I am trying to understand how works various SSO technologies like SAML 2.0, OpenID Connect 1.0.

In general, they work in a similar way providing tokens (XML, JSON) through Identity Provider to Service Provider.

What I don't fully understand is how are these tokens secured so nobody can steal it and use it from different device in order to get authenticated session and impersonate.

Also, how are these tokens stored? Are they stored as a cookie in a browser? If so, would it be possible to steal a token cookie and use it to impersonate somebody?

How can I detect that the token is used in an unauthorised manner?
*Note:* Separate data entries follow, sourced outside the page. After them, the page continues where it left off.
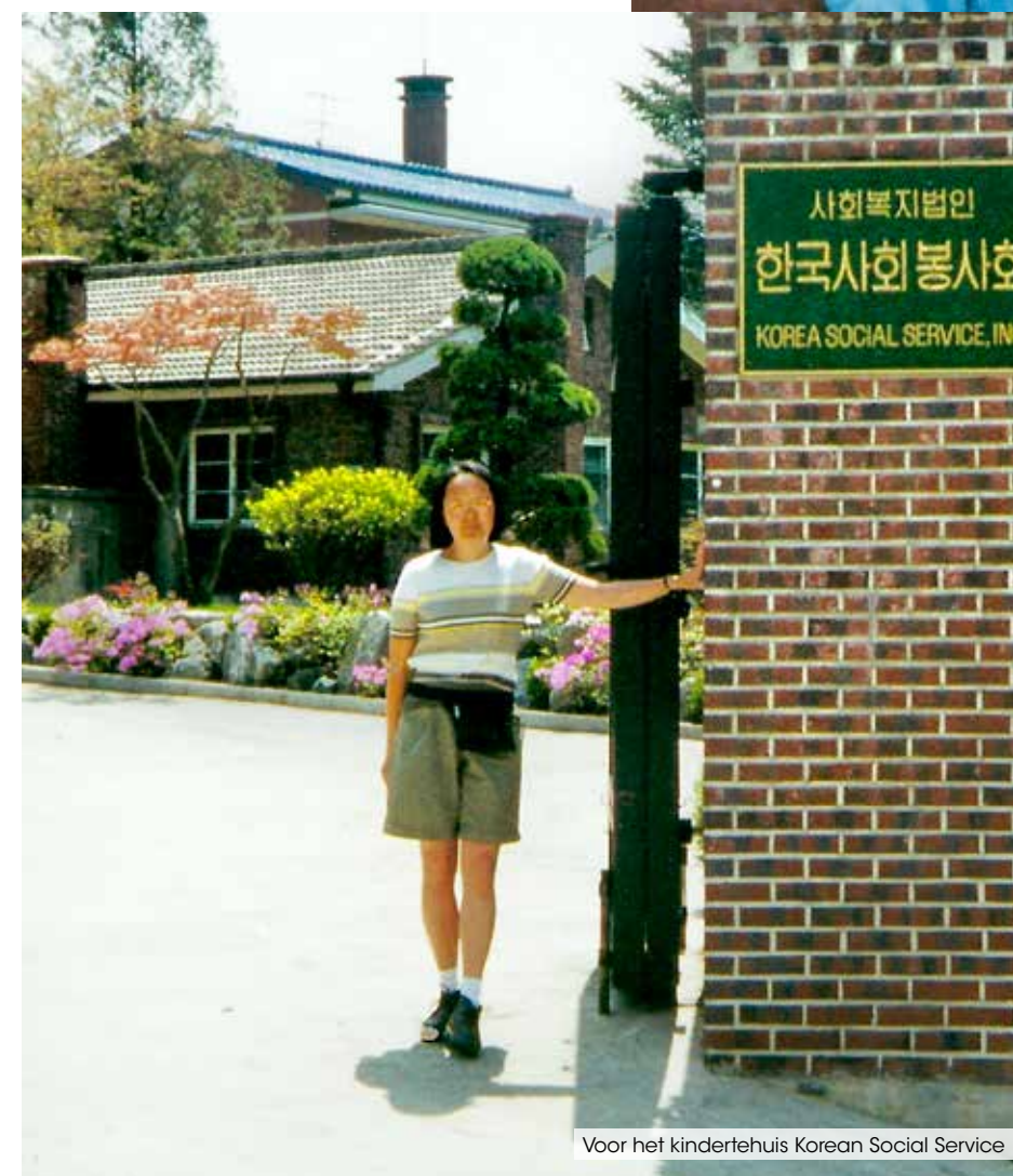
Voor het kindertehuis Korean Social Service

met mij alsof ik een volwassene was en daar ging het mis. Na een ruzie die vreselijk escaleerde wees hij mij de deur. Opnieuw werd ik afgewezen, voor de zoveelste keer stond ik er alleen voor en moest ik mezelf zien te redden. Dankzij mijn karakter en doorzettingsvermogen hield ik vol. Gelukkig ontmoette ik mijn man. We trouwden én ik werd moeder. Een keuze waar ik lang over moest nadenken, want zou ik wel een goede moeder zijn en mijn kinderen kunnen geven wat ze nodig hadden? Ook tijdens mijn zwangerschap was mijn adoptiemoeder er niet voor mij, ik was er echter wel voor haar. Op het moment dat mijn adoptievader overleed werd ik ondanks alles haar mantelzorger. Tien jaar lang verzorgde ik haar en toen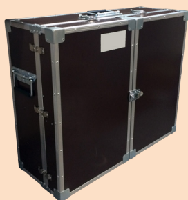
Укладка-лаборатория учителя ШХЭЛ в сложенном виде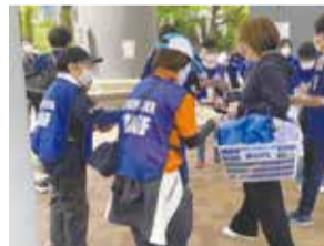
まちサポも一丸となってチームを応援しています!

FC町田ゼルビア(サッカー)・ASVペスカドーラ町田(フットサル)のホームゲーム開催時に、受け付けや会場内の誘導などを担い、ホームタウンチームの円滑な試合運営を支えています。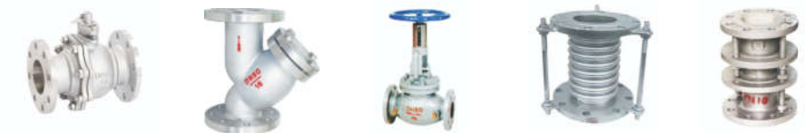
3210 法兰球阀 3606 铸钢过滤器 3801 KPF 平衡阀 1808 倒流防止器 3807 限位伸缩器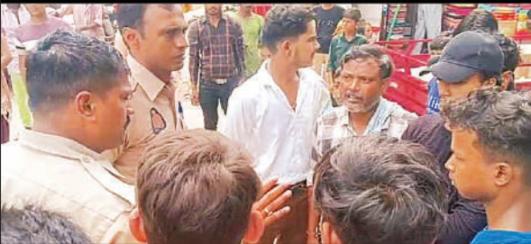
प्रदर्शन के दौरान ई-रिक्शा चालकों को समझाती पुलिस।

उसके ही निजी संपति के मामले में एकतरफा कार्यवाही के लिए तैयार है, जबकि अधिकांश इस तरह के मामलों में अदालत की शरण में जाने को सलाह देता है। उसने कहा कि यदि उसको न्याय नहीं मिला तो प्रशासन के खिलाफ प्रदर्शन करने को मजबूर होंगे।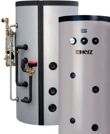
Depósitos y acumuladores 6 - 90 kW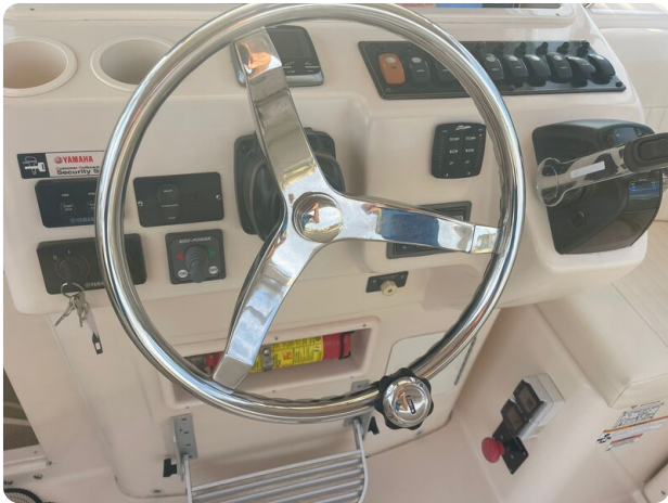
Grady White 305 express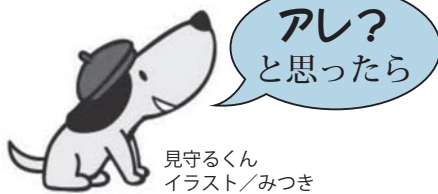
見守るくん イラスト/みつき

購入後は契約をおおった業者とは連絡がつかなくなり、実際に買い取りがされた事例はなく販売業者に返金を求めていることがほとんどです。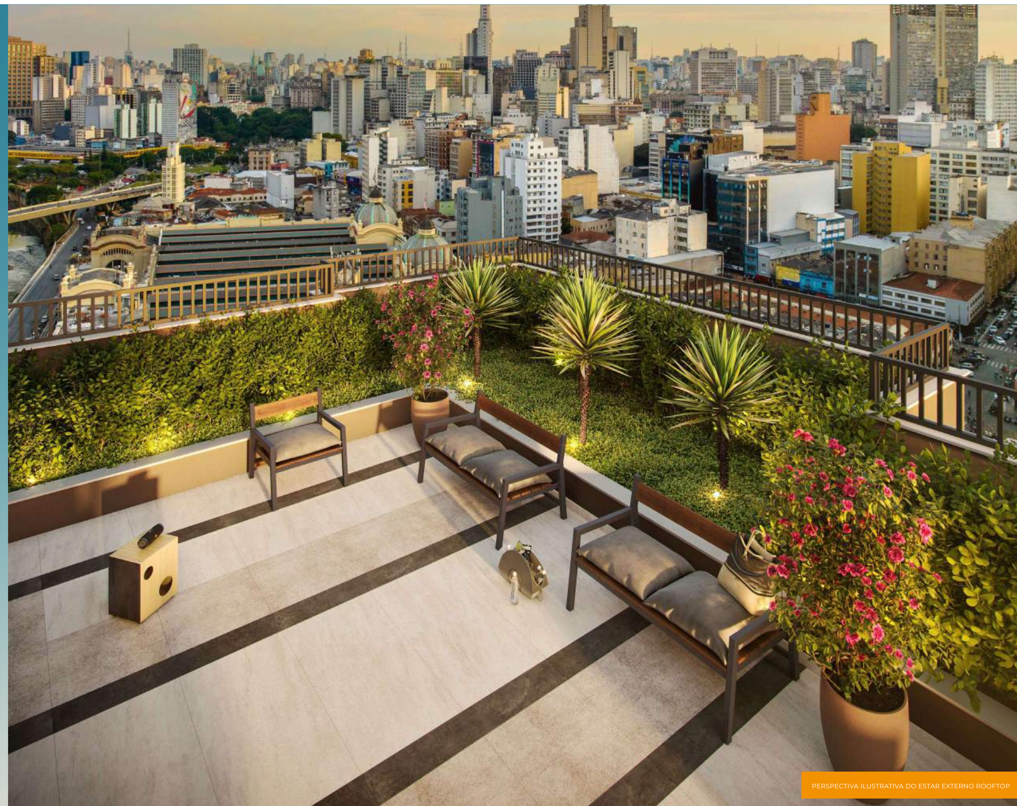
PERSPECTIVA ILUSTRATIVA DO ESTAR EXTERNO ROOFTOP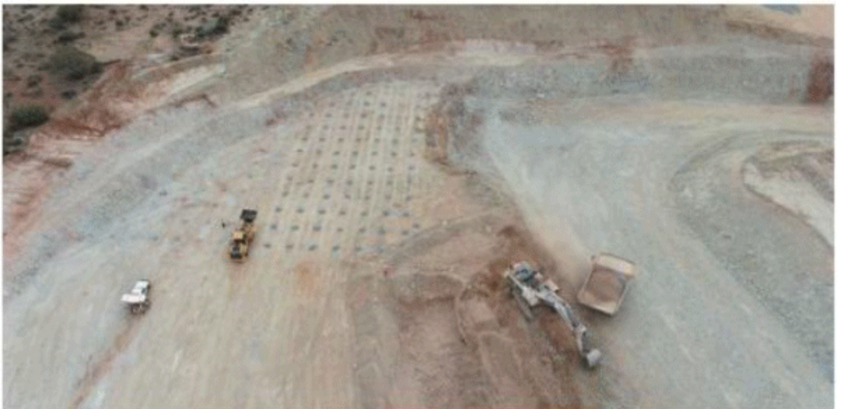
Plates 1 to 3 from top: view looking NW, Stage 1 West Lode mining, view of drill blast pattern (bottom)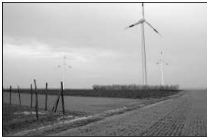
Az 5, 6, 7-es szélerőművek nézete a 220 kV-os távvezeték alól déli irányba

- A gépek közötti kapcsolatot csak földkábelrel lehet megoldani, ami jelentős többletköltséggel jár a légházelvezetéshez képest.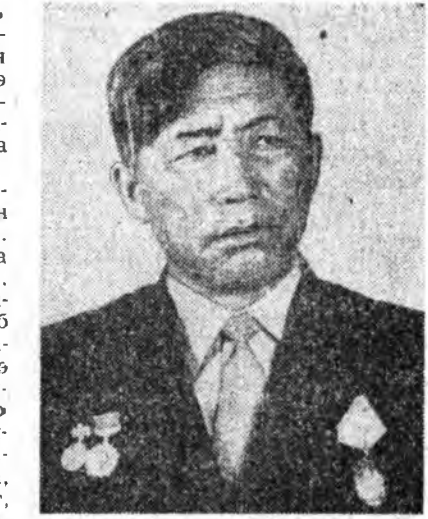
— табан жэлэй һүүлшын жэ- манда бурнишэ ехэ амжилта ас- раа. Тэрэ жэл бидэ зуун эхэ хо- нин бүхэнһөө 118 хурьга тулжүү- лэһэмди. Аймагай чемпион тэ- һэн нэрэ зэргэдэ хүртэхэ зол ху- ры үршөөгдөө бэлэй.

Тэнхээнь буладхангүйгээр ондо оруулахан, нарай хурьгадаа тобиржуулан найнаар тулжүүлхэнэ тон бэрхэтэй ха юм даа. Дүй дүршлэй болонхон уннэй хоншошон бүхэн лэ нимэ тобиолод лэб хэжэ байха. Малай үбэлжэлгэе, илан-гаяа тул абалтын, тулжүүлгын сагые эрхим бэлдэхтэйгээр утгаха эрилтэ табигдахышэ ёһотой.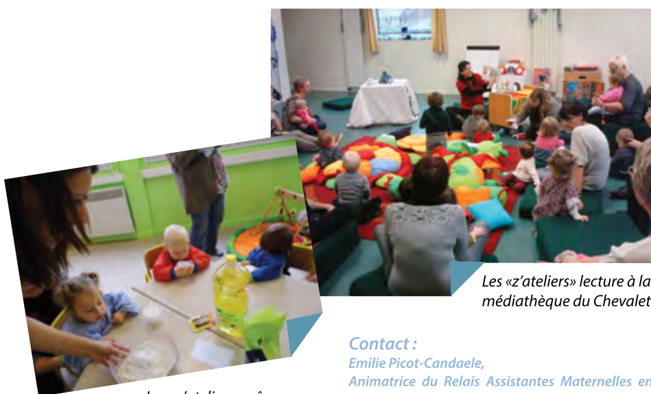
Les «z'ateliers» lecture à la médiathèque du Chevalet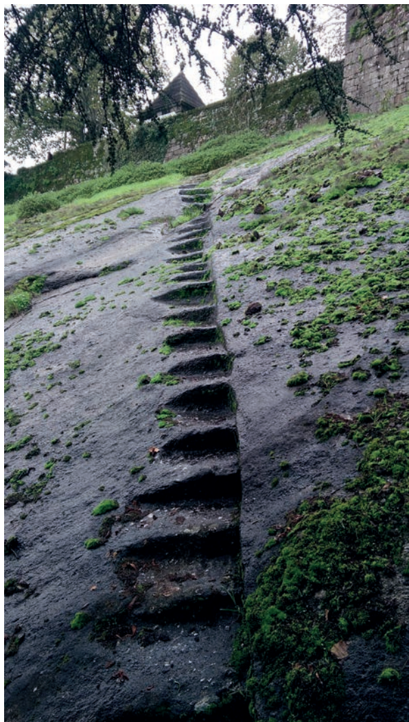
Acesso medieval ao castelo, com degraus escavados no afloramento rochoso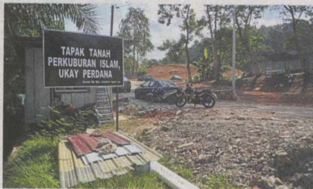
The Ukay Perdana Muslim cemetery is open ahead of schedule.

He added that the cemetery was supposed to be completed by the end of March, but the opening was expedited because other cemeter-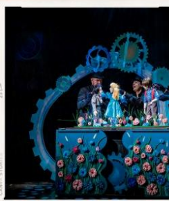
14.01.2023 g. 16:00 Złodziej czasu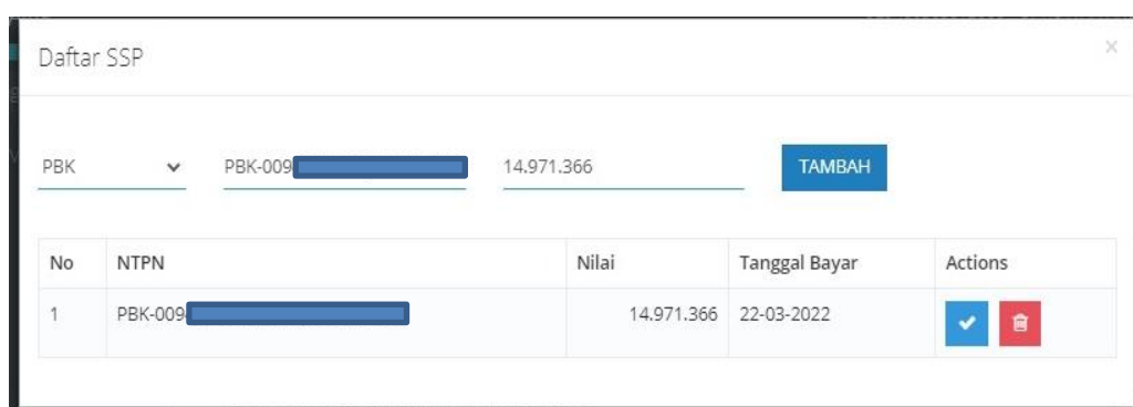
Gambar 3. Pelaporan SPT Masa PPN akibat Pemindahbukuan

Pelaporan SPT Masa PPN wajib untuk dilaporkan meskipun tidak terdapat transaksi yang dilakukan. Untuk melakukan pelaporan SPT Masa PPN 1111 tidak perlu lagi melakukan create file CSV dari aplikasi e-faktur. Tetapi pelaporan langsung melewati web e-faktur dengan laman https://web-efaktur.pajak.go.id setelah pajak keluaran dibuat dan pajak masukan di upload melalui aplikasi e-faktur seperti yang telah dijelaskan diatas. Dalam masa Februari 2022 PT. RA melakukan pemindahbukuan (Pbk). Sehingga langkah yang dilakukan PT. RA yaitu memasukkan nomor PBK dan nilai nominal yang telah disetor lalu klik tambah.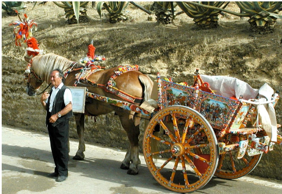
Carretto siciliano s koněm, z:

https://upload.wikimedia.org/wikipedia/it/c/c3/Carretto_siciliano_particol.jpg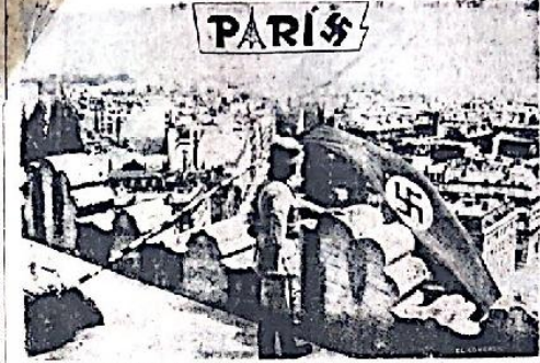
Un soldado francés contempla la capital francesa desde la alto del Arco del Triunfo en donde flama la bandera con la cruz gamada del nazismo.

LA CIVILIZACION EUROPEA YACE BA- JO EL CARRO TRIUNFAL DEL NACISMO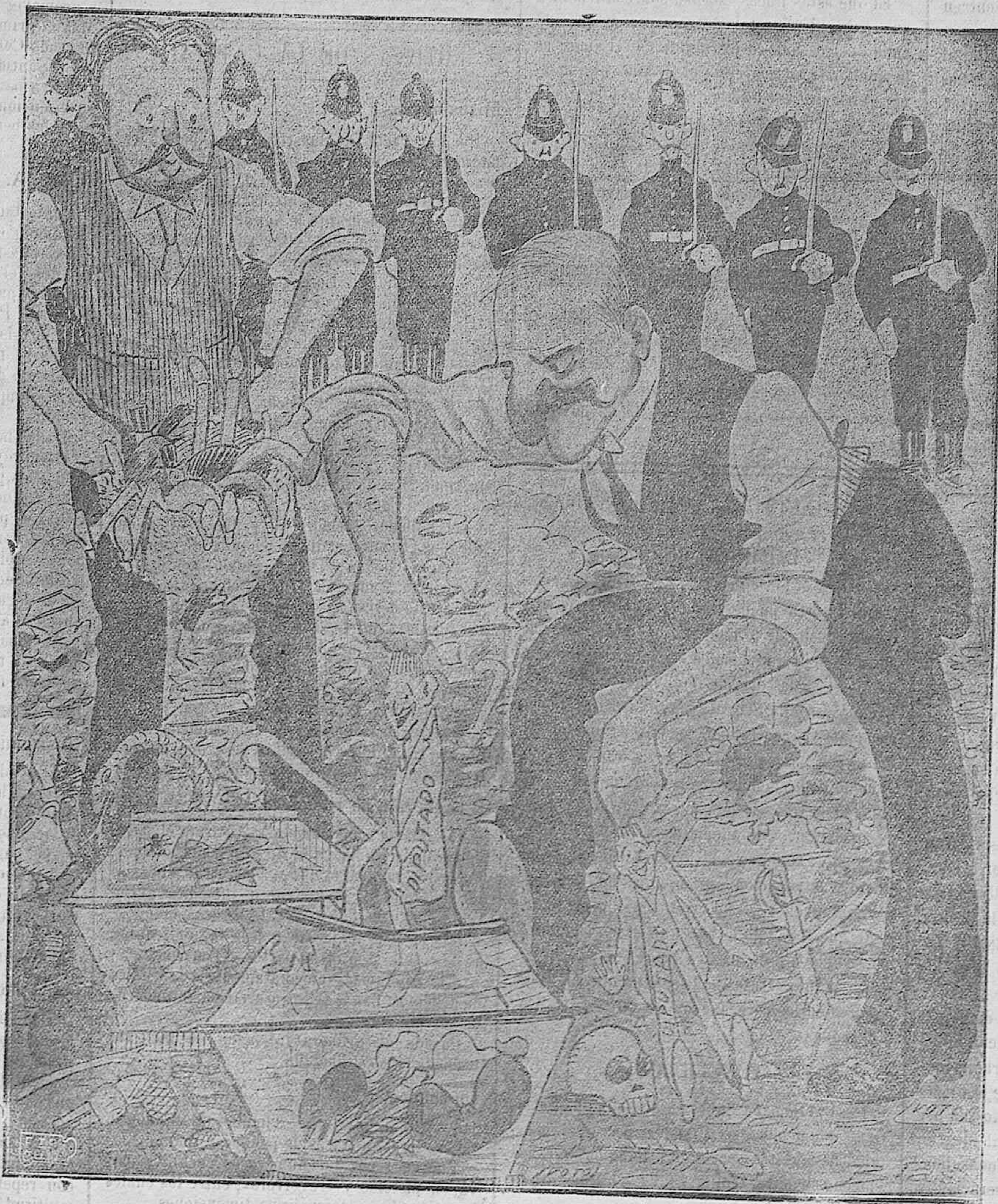
HACIENDO EL ESCRUTINIO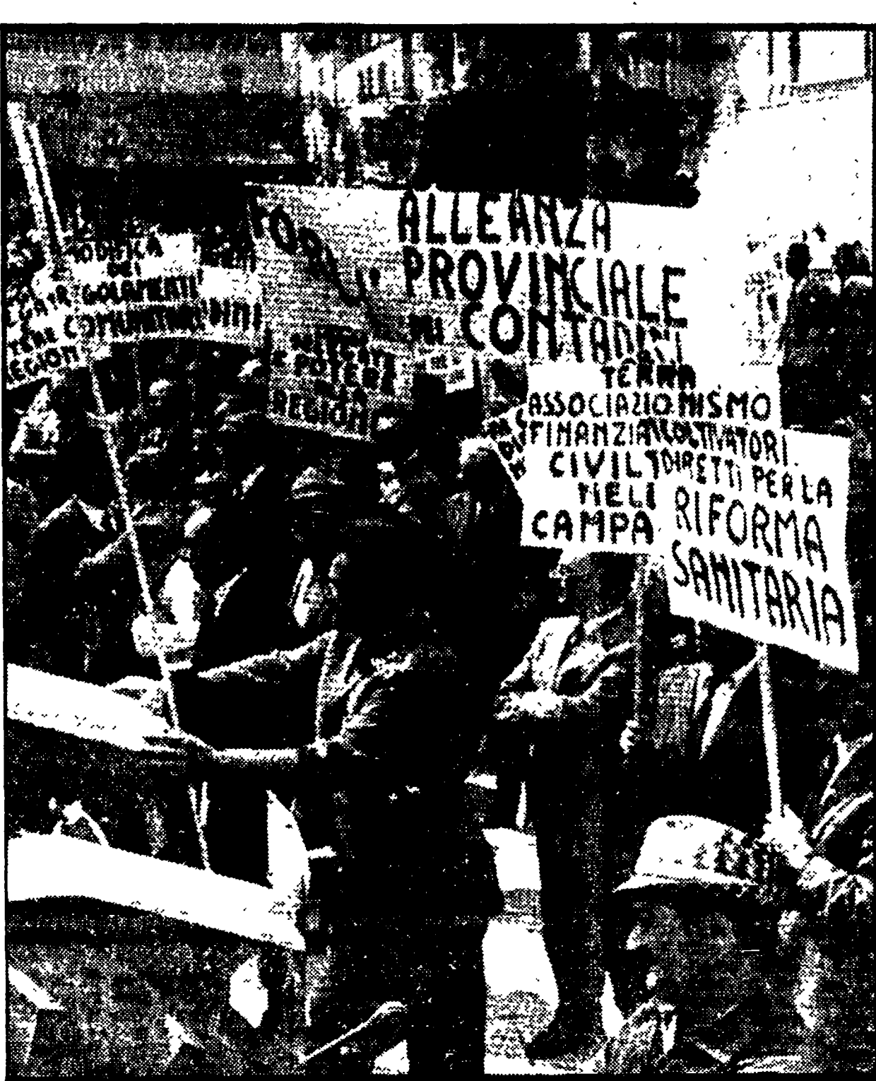
LA LOTTA IN EMILIA. In Emilia gli agrari hanno richiesto quasi ovunque la trattativa. La forte lotta che si è sviluppata in questi giorni ha costretto il padronato ad abbandonare le pregiudiziali...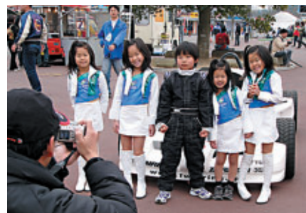
レーサーやツインリンクもてぎエンジェルになれる!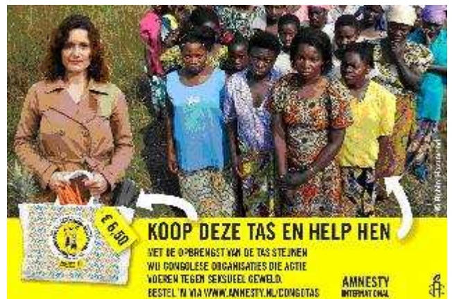
Advertentie voor de op de pagnes geïnspireerde tas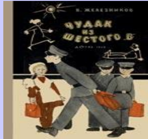
«Чудак из 6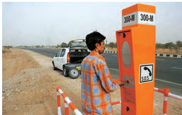
चित्र 7.10 - राष्ट्रीय राजमार्ग-48 पर एक आपातकालीन कॉल बॉक्स

डिजिटल भारत एक ज्ञान आधारित परिवर्तन के लिए, भारत को तैयार करने के लिए एक विशाल कार्यक्रम है। डिजिटल भारत कार्यक्रम का मुख्य उद्देश्य IT (भारतीय प्रतिभा) +IT (सूचना प्रौद्योगिकी)=IT (कल का भारत) में होने वाले परिवर्तन को समझना है और तकनीक को केन्द्र में रखकर बदलाव लाना है।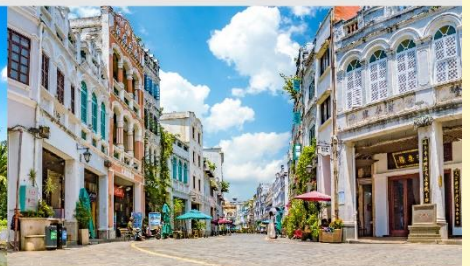
ถนนโบราณฉีไหลว

*ทางบริษัทฯ ขอสงวนสิทธิ์ในการสลับโปรแกรมทัวร์ตามความเหมาะสมขึ้นอยู่กับสถานการณ์หน้างาน โดยคำนึงถึงผลประโยชน์ของลูกค้าเป็นสำคัญ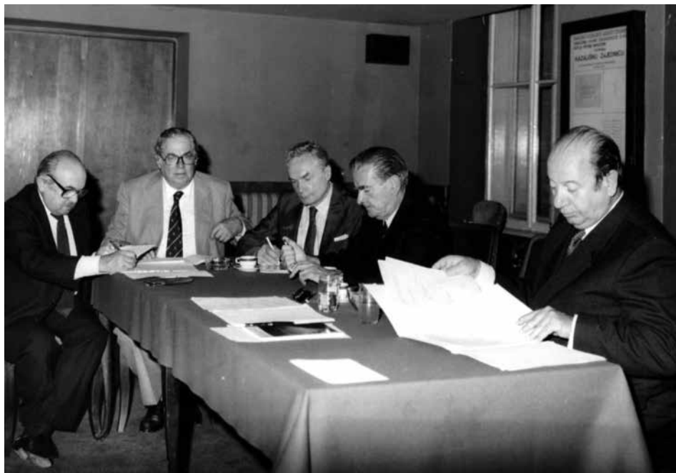
Slika 5. Žiri 2. međunarodnog natjecanja "Bach-Händel-Scarlatti" 1987. godine

I am looking for a practical view how are tokens secured and represented when authentication is established or when using as SSO, so authentication is not required by Identity Provider.


The tokens are secured at multiple level

  1. Transport - Most of the specs recommend SSL (and some mandate it)
  2. Use once - These token are just meant to transfer identity once and then the asserted identity can be attached with local session for further processing. Most of the specs contain safeguards to allow IdP & SP to track the generation and use of token only once.
  3. IdP Trust - The IdP & SP trust mechanism is built in to ensure that only trusted Identity Provider can set an identity at service provider through the protocol.

The checks for MIM and other attacks are built in to each protocol and you can read the RFC/Specs for each of the protocol to see how they stop those attacks.